> _PROVIDED RECORDS_
■ ■ ■ ■

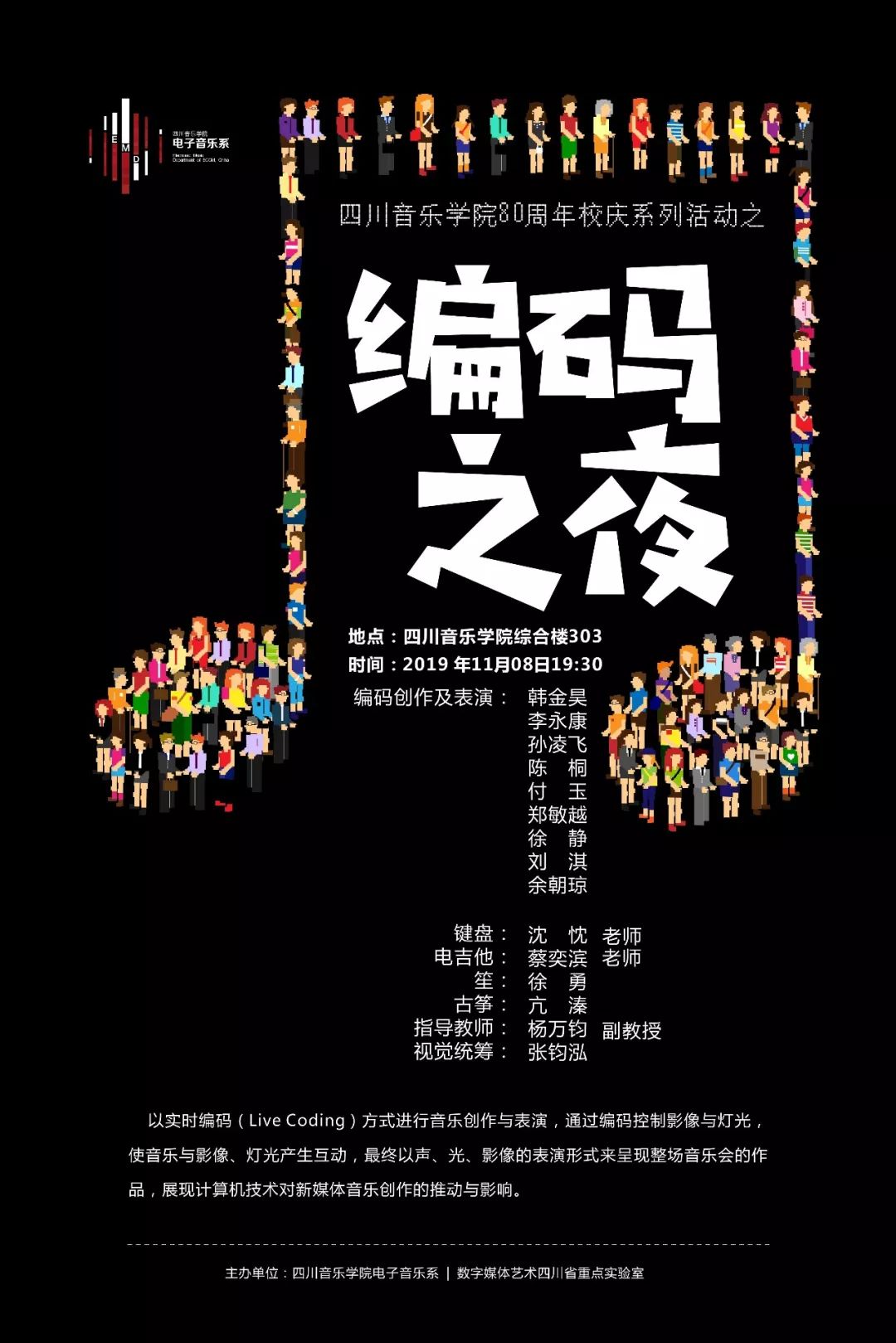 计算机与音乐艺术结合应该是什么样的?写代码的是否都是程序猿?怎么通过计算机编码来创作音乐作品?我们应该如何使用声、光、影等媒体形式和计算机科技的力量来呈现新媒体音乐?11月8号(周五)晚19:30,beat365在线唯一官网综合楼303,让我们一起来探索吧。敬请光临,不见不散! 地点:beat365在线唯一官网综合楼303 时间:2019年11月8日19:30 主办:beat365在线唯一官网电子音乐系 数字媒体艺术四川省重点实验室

■ ■ ■ ■

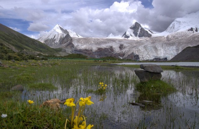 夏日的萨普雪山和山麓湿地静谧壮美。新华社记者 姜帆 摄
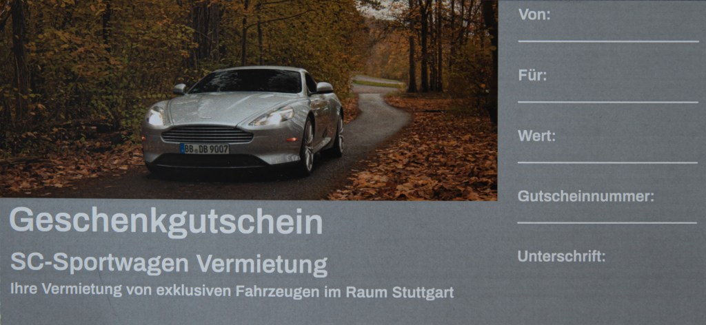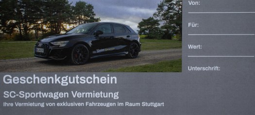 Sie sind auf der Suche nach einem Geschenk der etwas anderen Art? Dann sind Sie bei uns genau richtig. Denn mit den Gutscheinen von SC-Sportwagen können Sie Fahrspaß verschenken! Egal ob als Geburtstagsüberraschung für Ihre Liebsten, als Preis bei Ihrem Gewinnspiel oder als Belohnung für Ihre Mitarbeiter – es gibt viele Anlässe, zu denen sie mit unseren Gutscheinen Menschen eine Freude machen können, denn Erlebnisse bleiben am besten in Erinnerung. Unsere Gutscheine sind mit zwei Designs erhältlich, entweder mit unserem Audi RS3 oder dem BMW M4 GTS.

■ ■ ■ ■

> _EXERCISE GOAL_
Text only, no pictures: please print exactly the lines above from the line with "夏日的萨普雪山和山麓湿地静谧壮美。新华社记者 姜帆 摄" up to and including the line with "Sie sind auf", and nothing else.

> _ANSWER AREA_
 夏日的萨普雪山和山麓湿地静谧壮美。新华社记者 姜帆 摄
 Sie sind auf der Suche nach einem Geschenk der etwas anderen Art? Dann sind Sie bei uns genau richtig. Denn mit den Gutscheinen von SC-Sportwagen können Sie Fahrspaß verschenken! Egal ob als Geburtstagsüberraschung für Ihre Liebsten, als Preis bei Ihrem Gewinnspiel oder als Belohnung für Ihre Mitarbeiter – es gibt viele Anlässe, zu denen sie mit unseren Gutscheinen Menschen eine Freude machen können, denn Erlebnisse bleiben am besten in Erinnerung. Unsere Gutscheine sind mit zwei Designs erhältlich, entweder mit unserem Audi RS3 oder dem BMW M4 GTS.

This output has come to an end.